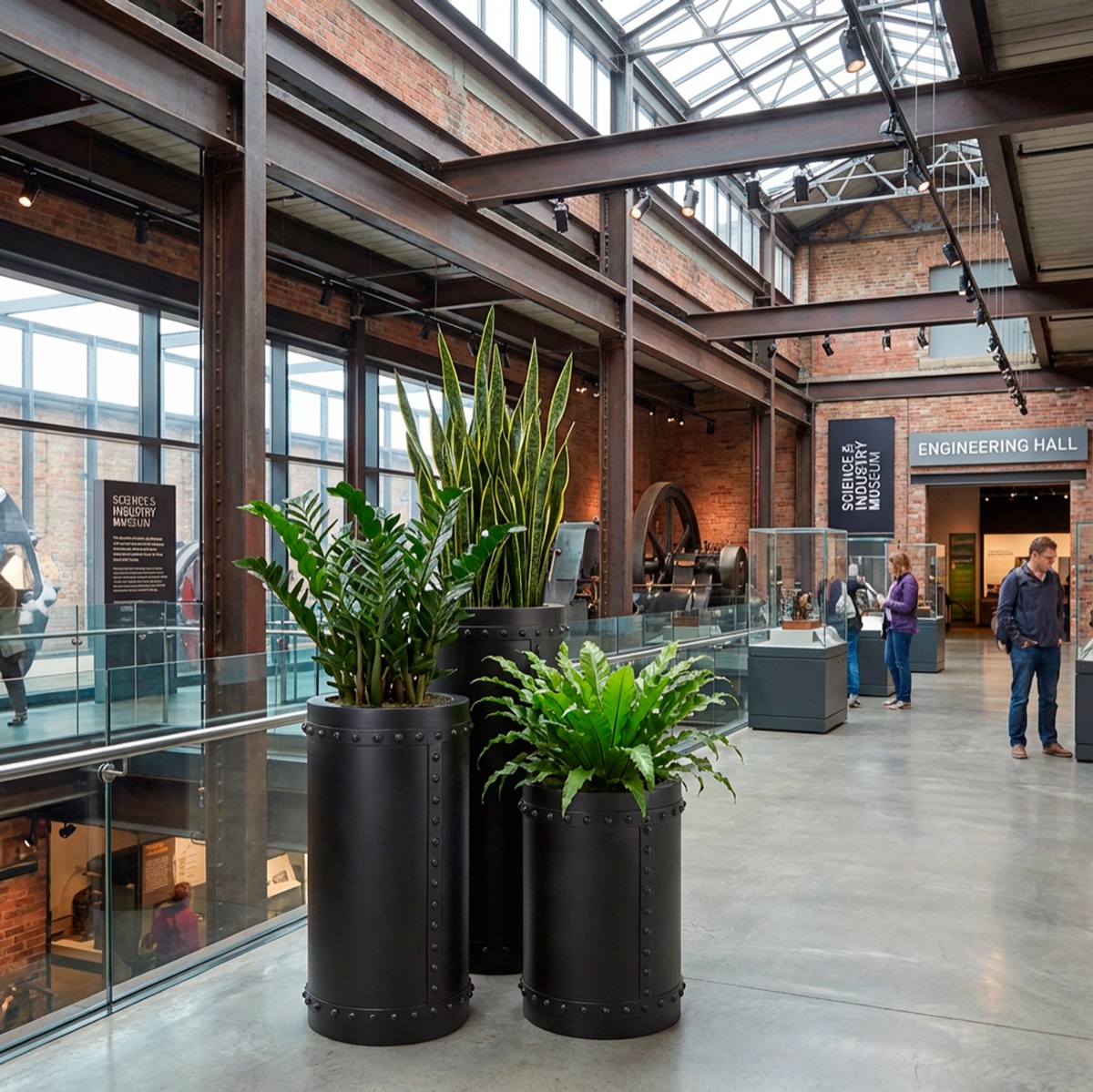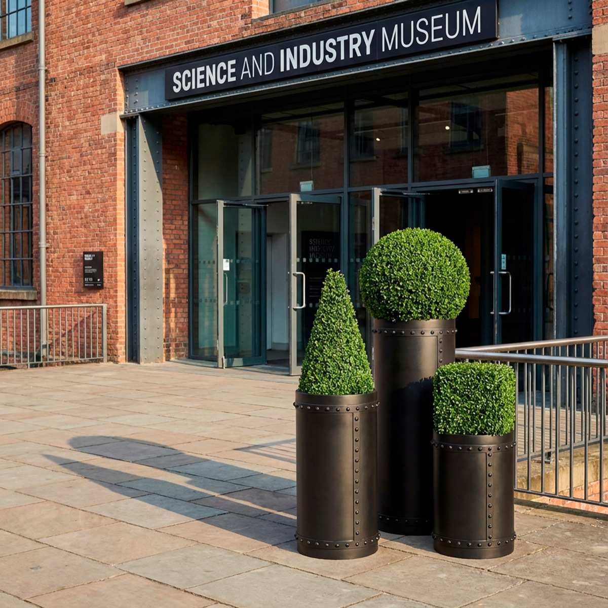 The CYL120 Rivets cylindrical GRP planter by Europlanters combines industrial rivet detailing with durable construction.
==
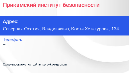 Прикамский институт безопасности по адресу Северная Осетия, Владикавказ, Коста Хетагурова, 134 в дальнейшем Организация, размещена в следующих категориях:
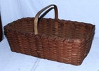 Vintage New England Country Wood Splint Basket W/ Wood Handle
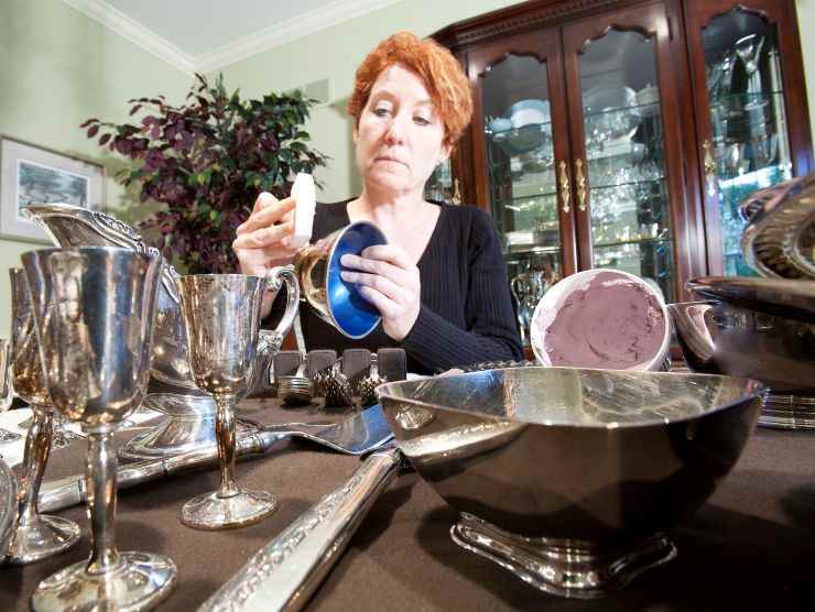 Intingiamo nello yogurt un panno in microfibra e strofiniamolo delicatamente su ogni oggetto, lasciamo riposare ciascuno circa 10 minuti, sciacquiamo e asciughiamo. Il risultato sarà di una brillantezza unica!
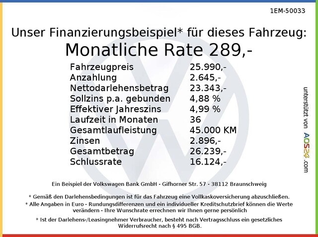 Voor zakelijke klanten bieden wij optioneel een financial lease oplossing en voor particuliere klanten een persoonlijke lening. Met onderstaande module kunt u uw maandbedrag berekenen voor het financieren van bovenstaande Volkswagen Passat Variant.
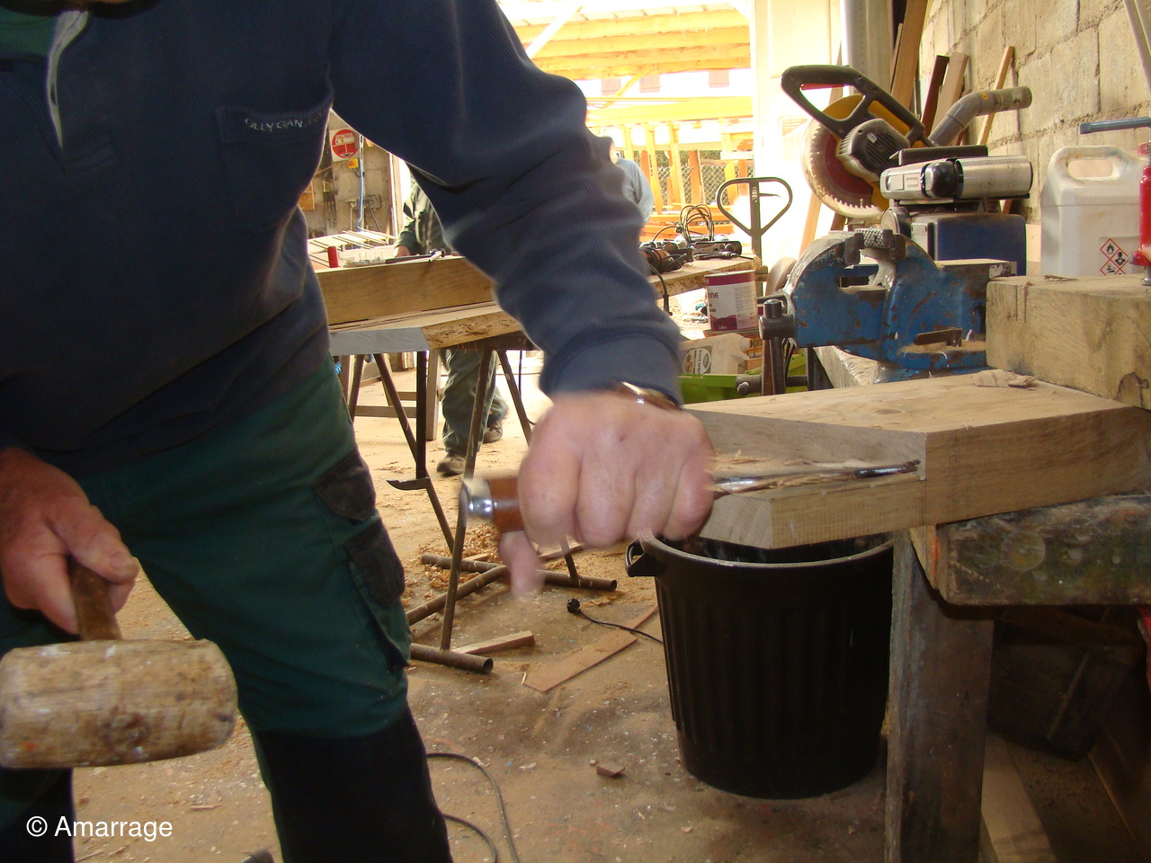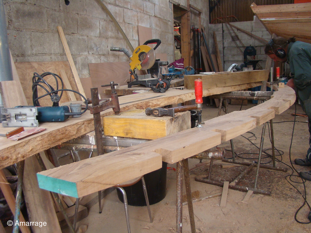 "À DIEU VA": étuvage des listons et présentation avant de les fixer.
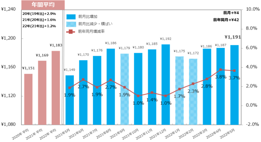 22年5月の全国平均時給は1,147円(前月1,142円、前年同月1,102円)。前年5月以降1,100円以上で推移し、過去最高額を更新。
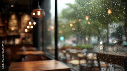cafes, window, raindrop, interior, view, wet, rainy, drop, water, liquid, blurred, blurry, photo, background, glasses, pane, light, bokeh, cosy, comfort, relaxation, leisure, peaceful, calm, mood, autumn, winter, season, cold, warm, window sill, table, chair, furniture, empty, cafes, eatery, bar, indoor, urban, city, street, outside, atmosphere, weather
==
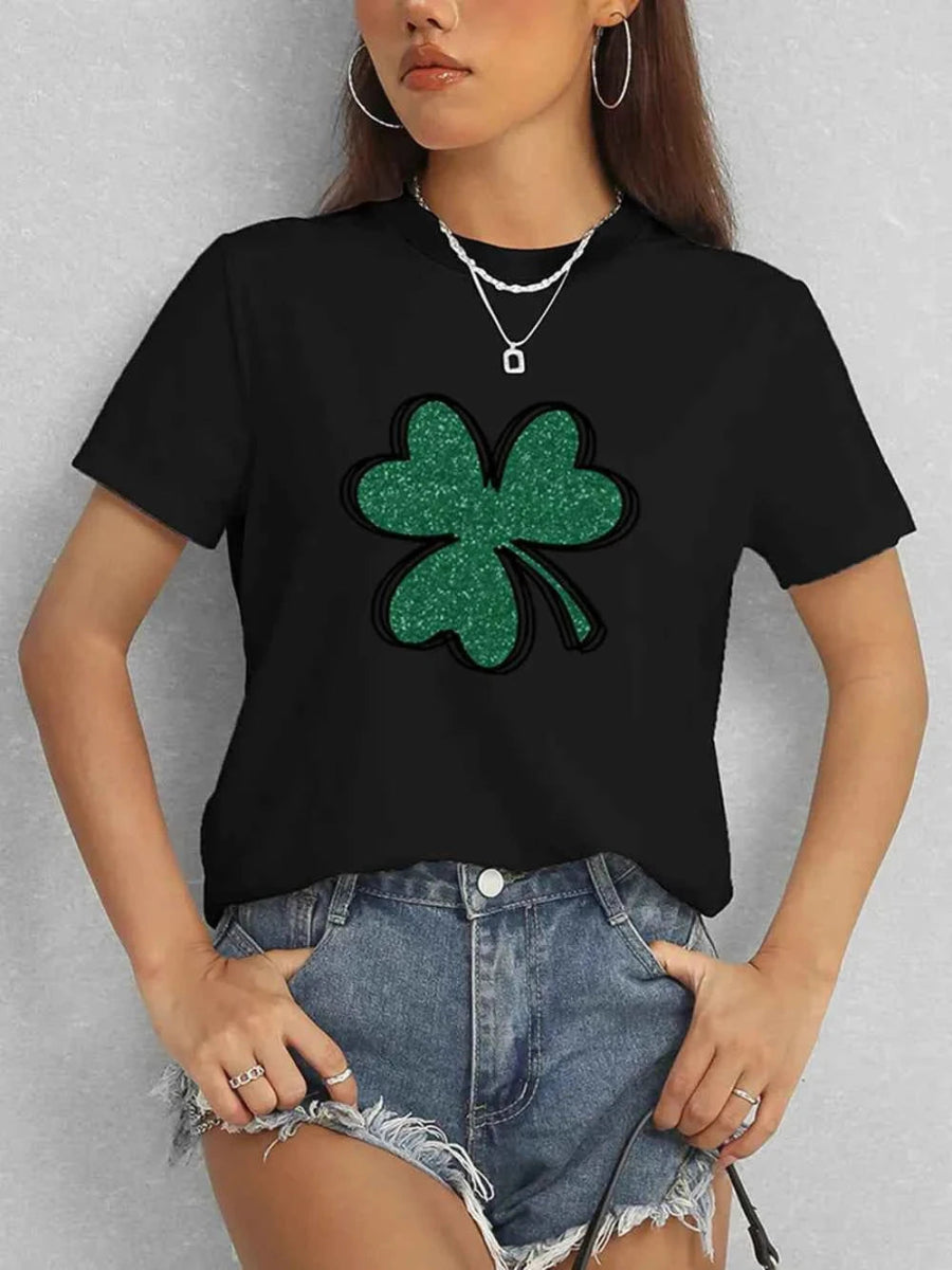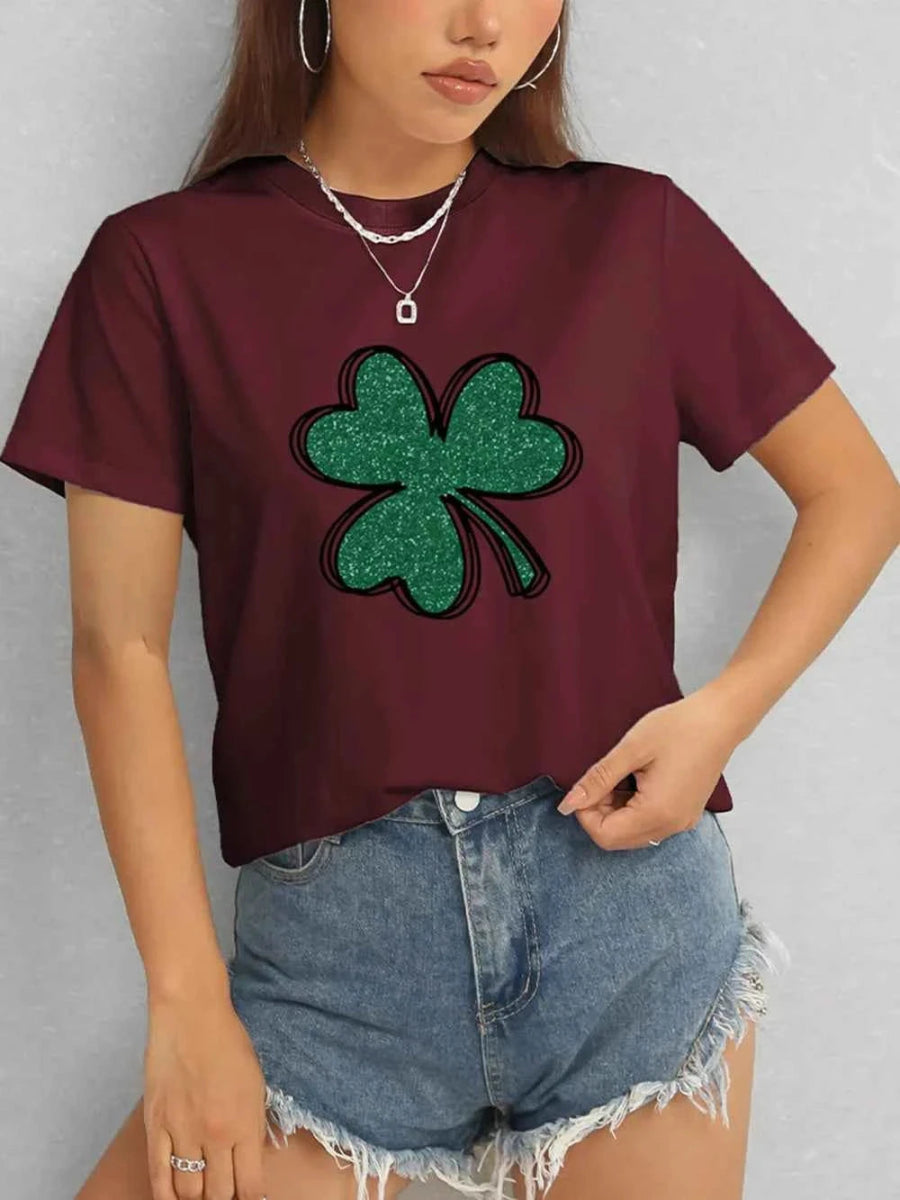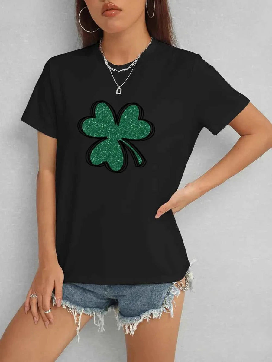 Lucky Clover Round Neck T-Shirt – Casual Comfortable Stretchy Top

YOUR OBJECTIVE — Working from the entries above, reproduce exactly and only the lines beginning with the line that has "de les fixer." and ending with the line that has "22年5月の全国平均時給は1"; omit all pictures.

WRITTEN ANSWER —
 "À DIEU VA": étuvage des listons et présentation avant de les fixer.
 22年5月の全国平均時給は1,147円(前月1,142円、前年同月1,102円)。前年5月以降1,100円以上で推移し、過去最高額を更新。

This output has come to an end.